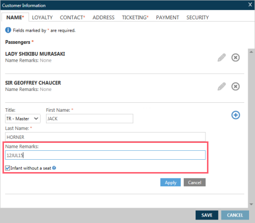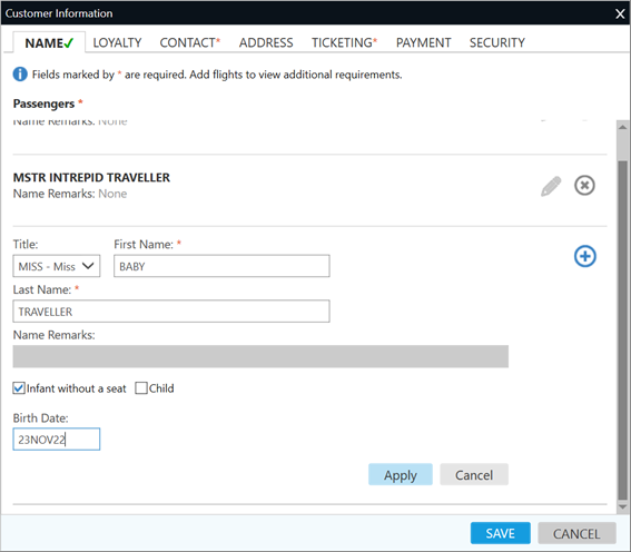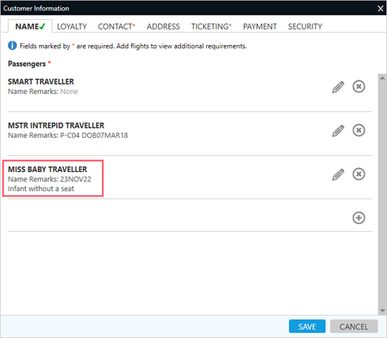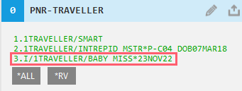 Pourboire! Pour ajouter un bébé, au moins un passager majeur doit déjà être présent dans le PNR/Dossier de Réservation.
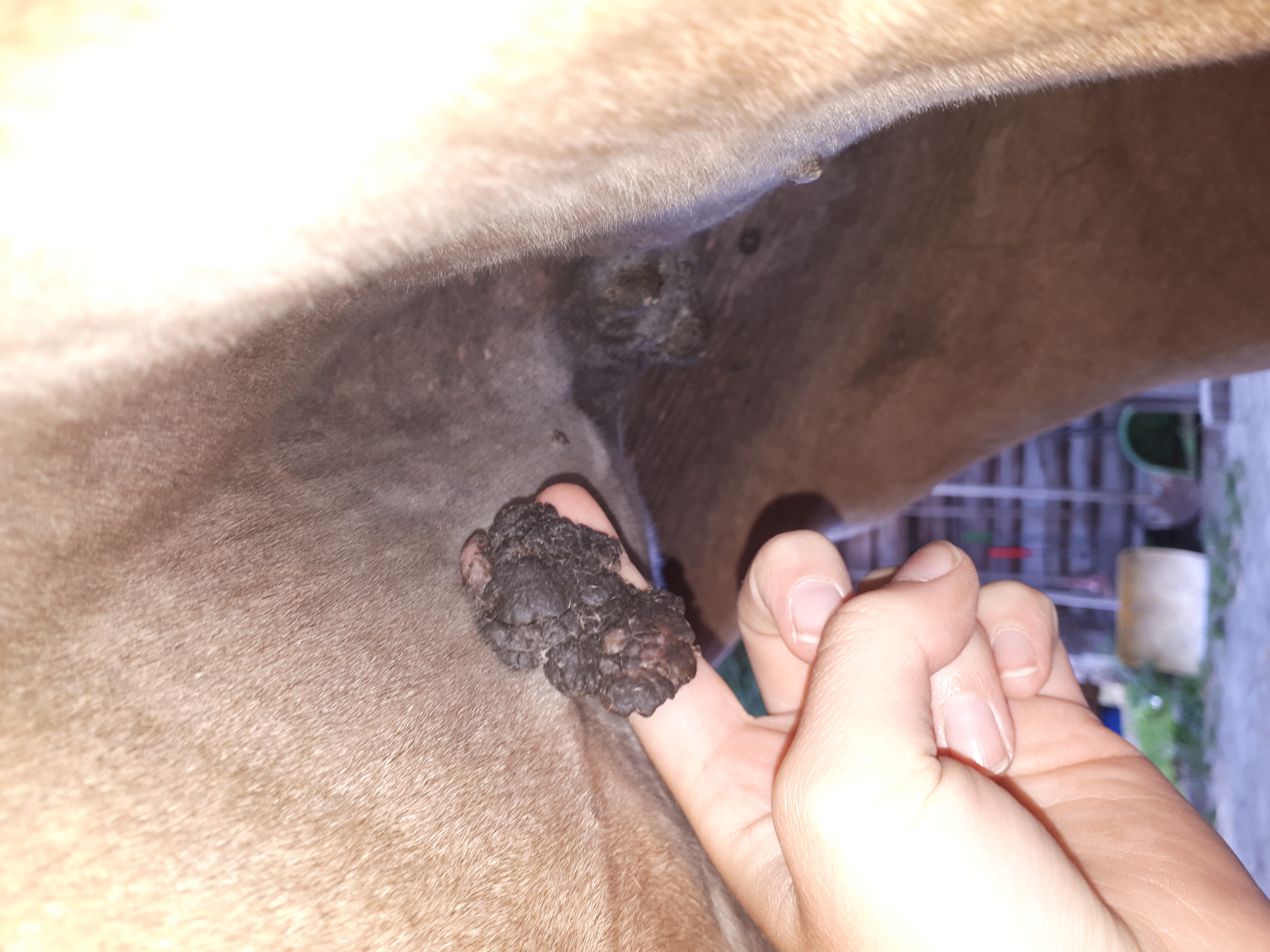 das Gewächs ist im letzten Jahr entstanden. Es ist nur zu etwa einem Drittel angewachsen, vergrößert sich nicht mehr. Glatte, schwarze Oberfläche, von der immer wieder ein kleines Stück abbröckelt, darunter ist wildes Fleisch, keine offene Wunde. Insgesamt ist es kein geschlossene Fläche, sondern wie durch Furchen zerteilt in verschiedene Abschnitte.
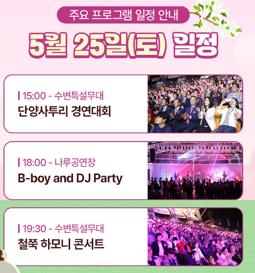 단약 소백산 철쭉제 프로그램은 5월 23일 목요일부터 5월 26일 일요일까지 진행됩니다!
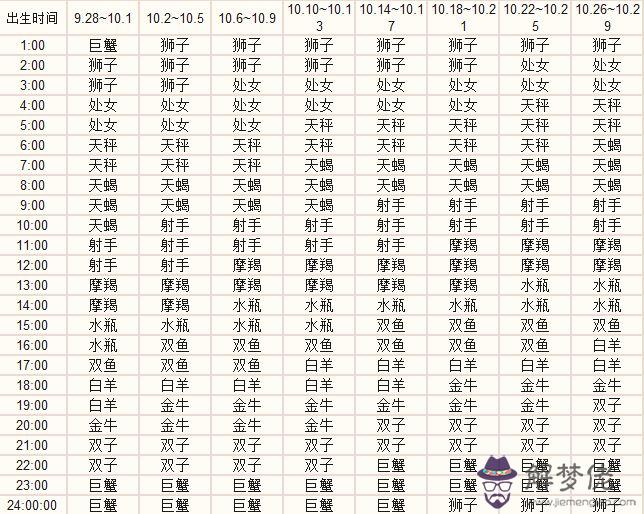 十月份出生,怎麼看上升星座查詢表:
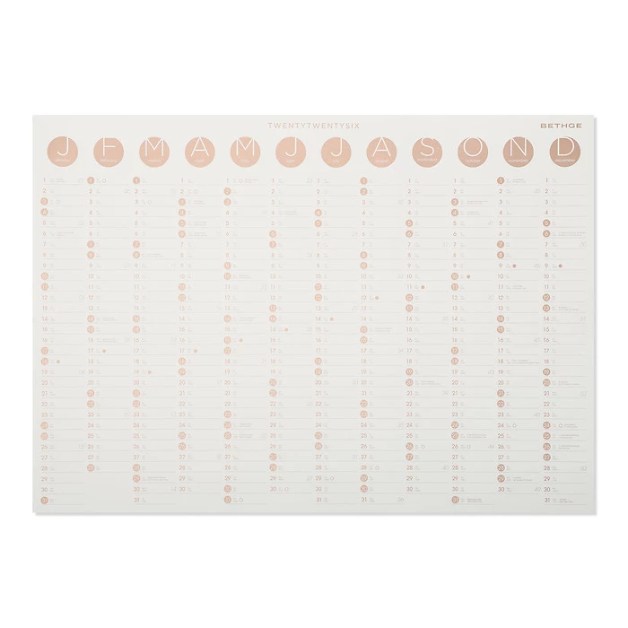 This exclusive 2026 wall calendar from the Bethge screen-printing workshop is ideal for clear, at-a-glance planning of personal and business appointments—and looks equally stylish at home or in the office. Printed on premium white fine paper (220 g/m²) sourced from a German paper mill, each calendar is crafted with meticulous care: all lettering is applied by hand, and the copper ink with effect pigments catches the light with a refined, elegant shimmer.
────────────────────
The copy should hold every entry above word for word and none of the pictures.

Output:
 Pourboire! Pour ajouter un bébé, au moins un passager majeur doit déjà être présent dans le PNR/Dossier de Réservation.
 das Gewächs ist im letzten Jahr entstanden. Es ist nur zu etwa einem Drittel angewachsen, vergrößert sich nicht mehr. Glatte, schwarze Oberfläche, von der immer wieder ein kleines Stück abbröckelt, darunter ist wildes Fleisch, keine offene Wunde. Insgesamt ist es kein geschlossene Fläche, sondern wie durch Furchen zerteilt in verschiedene Abschnitte.
 단약 소백산 철쭉제 프로그램은 5월 23일 목요일부터 5월 26일 일요일까지 진행됩니다!
 十月份出生,怎麼看上升星座查詢表:
 This exclusive 2026 wall calendar from the Bethge screen-printing workshop is ideal for clear, at-a-glance planning of personal and business appointments—and looks equally stylish at home or in the office. Printed on premium white fine paper (220 g/m²) sourced from a German paper mill, each calendar is crafted with meticulous care: all lettering is applied by hand, and the copper ink with effect pigments catches the light with a refined, elegant shimmer.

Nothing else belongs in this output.